Tuesday, June 15, 2021

How To Get Poetry (Part 1)

[I wrote this in 2019, and just decided to post it here. Then I made a follow-up post.]

Someone observed to me the other day that poetry does not seem to “land” for them the way that it does for me. I want to try naming at least one thing I think poetry lovers (whom I know) are doing differently than people who don’t quite “get” poetry.

I’m not sure there is one central thing, but if there is, my guess is that it’s a matter of approach.

Anybody reading this is familiar with reading in general. At the very least, you read blog posts. You probably read Tweets or Reddit threads. And you read books.

In all of these, we tend to be focused on what happens, or maybe what it means. The words we write, read, and speak are useful for communicating about events and states of affairs. If we read “the candidate won the popular vote, but lost the electoral vote”, we make an update, then move on to consider the implications. The phrase itself is immediately discarded, like the flesh of a juiced orange. That’s usually how language works.

But it’s not how poetry works. A very common way to prevent a poem from “landing” is to go in, gather info, and get out. You may not realize you’re doing this, even if you are, because it just feels like “reading”.

But it may feel like “reading, plus some other things”. I expect you can tell you’re approaching a poem this way if you recognize a background sense of searching, impatience, or frustration while reading, or if salient questions in your mind include things like, “What is this about?” and “What is the point?”.

I notice I’m delaying describing a better way to approach poetry. I’m delaying because I feel embarrassed. I feel as though I’m taking my clothes off to prepare for an arcane ritual I perform regularly, only today lots of people are watching, and they don’t necessarily know what’s happening. I’ll try it anyway. Here we go.

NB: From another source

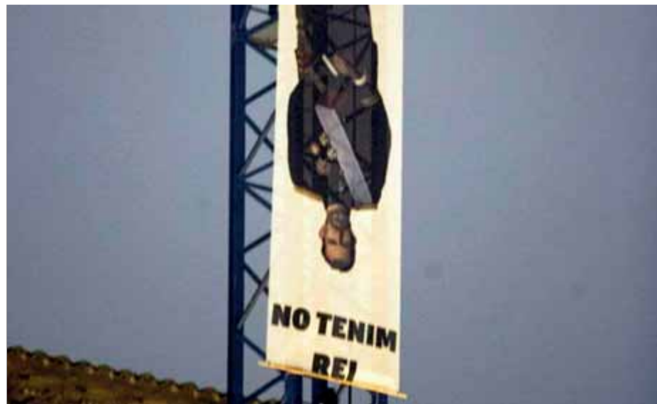
Pancarta del Borbó de cap per avall, a la plaça Major de Vic

En total, són dinou les persones que estan cridades a donar explicacions a la Guàrdia Civil per les protestes. Els investiguen per delictes de desordres públics i danys, i contra la seguretat viària. De moment, les defenses no tenen accés a les diligències prèvies i per això descobreixen més detalls del cas.

Poetry is intimate. It’s like a parent breastfeeding their newborn, or a husband comforting his wife with caresses after a loss, or the look of pride shared between a teacher and her favorite student during graduation. The way you would approach one of those situations is similar to how I think you should approach a poem, if you want to receive it as it was designed. Do not juice the words and throw away the rind.

The poetic experience is not one of updates or insights. Poems often ride on described events or on propositions, but they are not the stories they tell, and they're not the claims they make.

The sound of the words, the feel on your tongue, the dozens of associations an image might conjure for you, the felt shifts in your body, the rhythmic patterns, the emotions that dawn or ambush or flow, the way they superimpose, the moments when the pattern stumbles, the tiny pieces of sound or structure or concept that echo in later lines - these are what the purely poetic experience is made of.

And when you set out to read a poem… no, “read” is misleading here. Poetry is language transubstantiated in a chalice. When you set out to ingest a poem, to take it into your body and make it a part of yourself, you have to shift your mind out of its habitual relationship to language, and toward a state of extraordinary receptivity and participation.

Imagine that you are newly in love. When you wake up beside the one you love, you have the chance, for the first time, to watch them sleeping.

How does your mind move, in that moment? What allows you to rest your attention on the shape of their shoulder, the scent of their hair? What invites the full emotive force of your imagination, as you remember the time they kissed your palm?

If you can move your mind deliberately to that place, and let it rest there indefinitely, you are ready for poetry.